A man popped out of the beast, shouting over the idling engine, “You rang?” Kelley’s Heroes anyone? Tankers were notorious for tossing grenades from the turret at dinks and running over them. We pointed right, “Shoot there,” and asked for a bit of caution. “Don’t run over J. R.’s squad. They’re out there.”

A spoonful of Patton was just what the doctor ordered. For the plat du jour, the commander selected Beehive 90 mm M377 canister to end the Mexican stand-off with the enemy stragglers.

A Beehive round breaks apart when leaving the gun barrel, propelling 5,600 flechettes (nails with fins) in a dispersal cone, a load of shot like you’ve never seen. Its melliferous name comes from the soothing sound the arrows make flying through the air, exenterating anything in the way with startling ease. Range, 1200 ft.
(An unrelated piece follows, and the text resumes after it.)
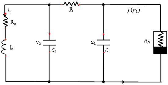 In this section, the practical merits of the proposed controllers and theory are corroborated using the well-known nonlinear Chua circuit, as shown in Figure 3. Considering the control input , its dynamics are generated as

Flechettes were first used in Vietnam by Landing Zone BIRD in the Kim Son valley. They had been overrun and taken numerous casualties. The officer in charge ordered the last artillery piece to load Beehive ammo and aim at ground level. He took out two hundred NVA with a couple rounds, saving the day. The popularity of flechettes soared, and reports of enemy soldiers nailed to trees en plein air began appearing in the press.
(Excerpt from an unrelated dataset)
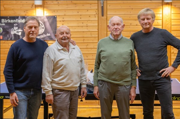 In diesem Jahr fand unsere Weihnachtsfeier im Franziskushaus neben der katholischen Kirche statt. Das Programm begann mit einer herzlichen Begrüßung, gefolgt von einem Tischtennisturnier. Jedoch wurde hier nicht mit herkömmlichen Schlägern, sondern mit Serviertellern gespielt. Das Gauditurnier zog sowohl aktive Spieler als auch Nichtaktive, unsere Jugendliche und ihre Eltern gleichermaßen an. Im Finale des Turniers setzte sich Daniel Forstner gegen Karl Felger durch und sicherte sich somit den Turniersieg. Der Höhepunkt des Abends war jedoch zweifellos der Teil, der dem 70-jährigen Bestehen des Tischtennisclubs Birkenfeld gewidmet war. Gründungsmitglieder Erich Höll und Peter Ölschläger wurden von Urs Fingberg für ihre weise Entscheidung gelobt, einen eigenständigen Verein zu gründen, anstatt eine Abteilung eines anderen Vereins zu werden. Als Anerkennung erhielten beide von Frank Ehmer, dem 2. Vorstand, Geschenkkörbe überreicht. Peter erhielt zusätzlich Golfbälle für seinen aktuellen Sport und einen Tischtennisball, um ihn an seine "sportlichen Wurzeln" zu erinnern, in der Hoffnung, dass er mal wieder zu uns in die Halle kommt. Urs Fingberg sorgte für Spannung, als er die Vereinsmeister auflistete, die fünf-, sechs- und siebenmal erfolgreich waren. Doch es gab einen, der mit erstaunlichen zwölf Erfolgen herausragte. In diesem Jubiläumsjahr, in dem er auch sein 30-jähriges Jubiläum als 1. Vorsitzender feierte, wurde Jürgen Haaser für seine langjährige und herausragende Mitgliedschaft im Verein geehrt. Nach den Ehrungen wurde das Buffet für die rund 80 Mitglieder eröffnet, bei dem Maultaschen mit selbstgemachten Salaten serviert wurden. Anschließend führte Jugendleiter Oliver Sierpek die Geschenkübergabe für die jugendlichen Mitglieder durch, bevor der restliche Abend in ausgelassener Stimmung ausklang. Frank Ehmer, Gründungsmitglieder Erich Höll und Peter Ölschläger, Urs Fingberg |

Commander, “Gunner, Beehive, woods.”

Gunner, “Identified.”

Loader, “Up!”

Commander, “Driver move out, gunner take over.”

The armored knight shifted into gear and slowly ambled away, bashing trees and crushing dead bodies with heavy treads.

Gunner, “Driver stop.”

Gunner, “Power.” The tank bowed and turned its turret before lowering its gun barrel. Turrets moving under power have a reputation for cutting off body parts; main guns have a habit of slamming down on those walking under them.

Commander, “Fire.”

Gunner, “On the way!” SWOOSH!!—we had just been insured by the U.S. 11th Cav, funeral arrangements still pending.

Commander, “Target! Ceasefire. Driver back up,” and the queer mechanical shape went on its way.

We waited for the MEDEVAC (God’s lunatics) to rotor in before tracking the tank to its den, where a strange comfort was waiting. Four Pattons and four armored personnel carriers (there to carry supplies), had encircled a disabled M551 Sheridan light tank, like elephants do with their young. Earlier in the day, the Sheridan lost a wheel to a pressure mine. A grunt riding on the rear with his legs dangling down lost them, too.

While a repair crew worked on the disabled tank and the radio kept us updated on our injured comrade, we partied to transistor radios, built bonfires, and pulled guard duty. Bob and I stayed with the Sheridan and sacked out inside for the hell of it. No need for a security perimeter or entrenchments; what fools would dare to bring the massive firepower of our combined arsenals down on their heads? To prove it, a tank riddled the wood line with flechettes, cutting down a cloud of trees in a big WHOOSH!

In the morning, news reached us that our eleven kills set a division record for an ambush and that the injured man hadn’t made it, a blow to our hearts. We shut our eyes against the future and continued on our way, the jungle opening and closing behind us, leaving no trace. No one spoke. Who will know our grief?